Interpretive Summary: Wheat blast (WB) is a devastating disease caused by the fungus Pyricularia oryzae (Magnaporthe oryzae) and can result in 100% crop losses. The disease was first reported in 1985 in Brazil and has since spread to surrounding countries. The disease was, until recently, restricted to South America. However, major outbreaks in Asia in 2016 and 2017, and the pathogen’s arrival in Africa have elevated wheat blast as a major concern for global agriculture, especially because the crop possesses very little natural resistance to the disease. We have reconstructed the evolution of wheat blast and a related disease, gray leaf spot, and show that the two pathogen populations co-evolved from sequential matings between different host-specialized forms of the fungus starting in the 1960s or 1970s.

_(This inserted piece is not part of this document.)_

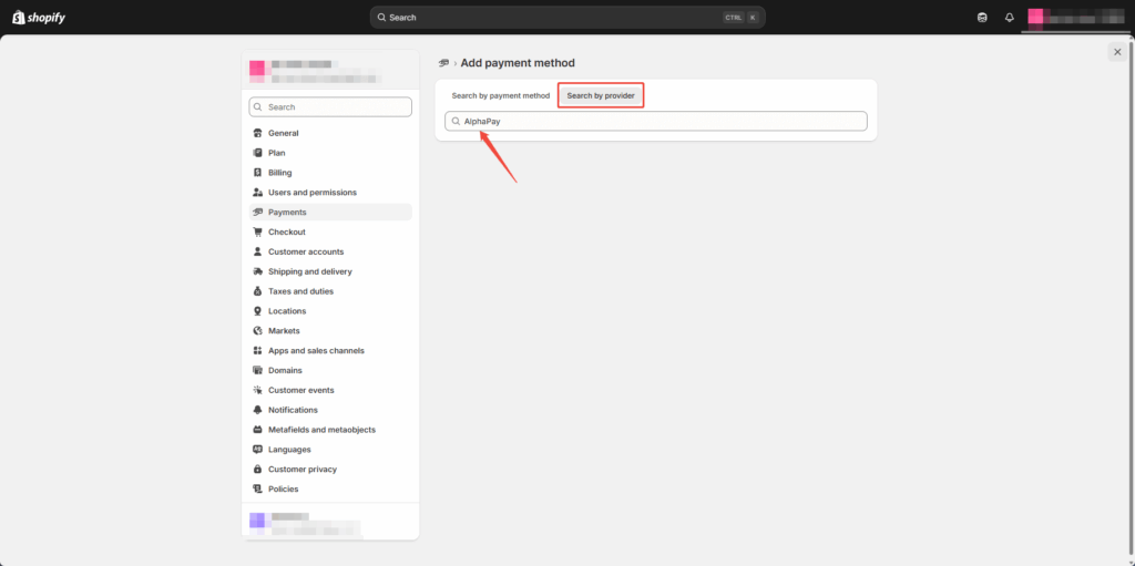 Click “Search by provider” and search for “AlphaPay”. Select and proceed to install the plugin.
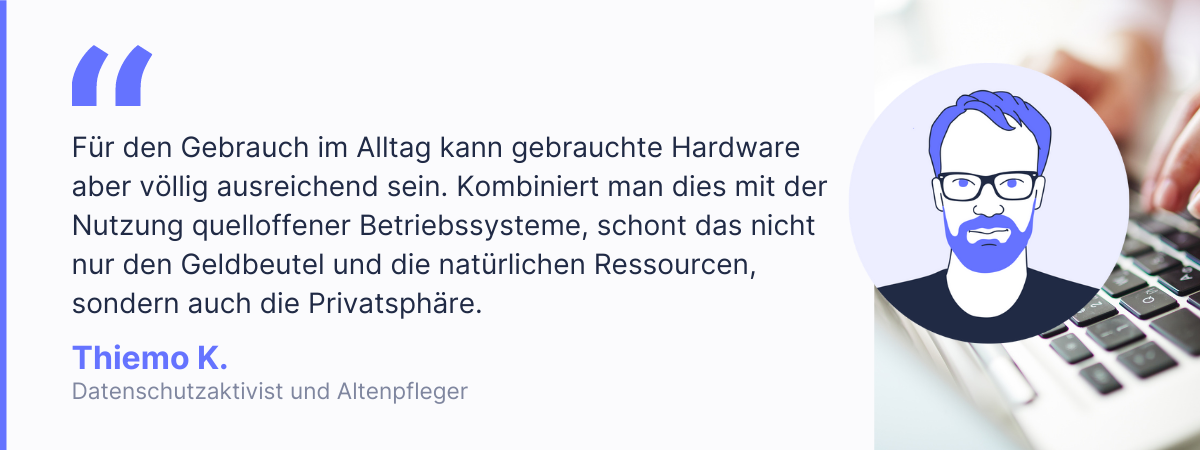 Natürlich gibt es auch Menschen, die z.B. in der IT-Branche arbeiten und auf moderne Technik angewiesen sind und ganz andere Anforderungen an die Geräte stellen. Für den Gebrauch im Alltag kann gebrauchte Hardware aber völlig ausreichend sein. Kombiniert man dies mit der Nutzung quelloffener Betriebssysteme, schont das nicht nur den Geldbeutel und die natürlichen Ressourcen, sondern auch die Privatsphäre.

Subsequent genetic diversification of the initial population resulted in lineages of the pathogen with expanded host ranges. These findings of this work shed new light on population genetic processes driving new disease emergence and enhances the ability of plant pathologists and epidemiologists to combat wheat blast through scientifically-informed cultural management decisions, resistance breeding, and pathogen surveillance.

Technical Abstract: Adaptive radiations fuel speciation and are characterized by rapid genetic diversification and expansion into new ecological niches. Historically, these processes were believed to be driven by selection on novel mutations but genomic analyses now indicate that standing variation and gene flow often have prominent roles. How “old” variation is combined, however, and its resulting genetic architecture within newly-adapted populations is not well understood. We reconstructed a recent radiation in the fungus, Pyricularia oryzae, that spawned a population pathogenic to eleven grass genera, and caused two new plant diseases: wheat blast - already a serious threat to global agriculture - and gray leaf spot of ryegrasses. We show that the new population evolved in a multi-hybrid swarm using only the standing variation that was present in seven individuals from five distinct, host-specialized lineages. Sexual and parasexual recombination within the swarm reassorted key host-specificity factors and generated more diversity in possibly just a few weeks than existing lineages had accumulated over hundreds to thousands of years. We suggest that the process was initiated by sexual opportunity arising when a fertile fungal strain was imported into Brazil on Urochloa introduced as forage for beef production; and we further contend that the host range expansion was largely fortuitous, with host selection playing little, if any, role in driving the process. Finally, we believe that our findings point to an overlooked role for happenstance in creating situations that allow organisms to skirt rules that would normally hold evolution in check.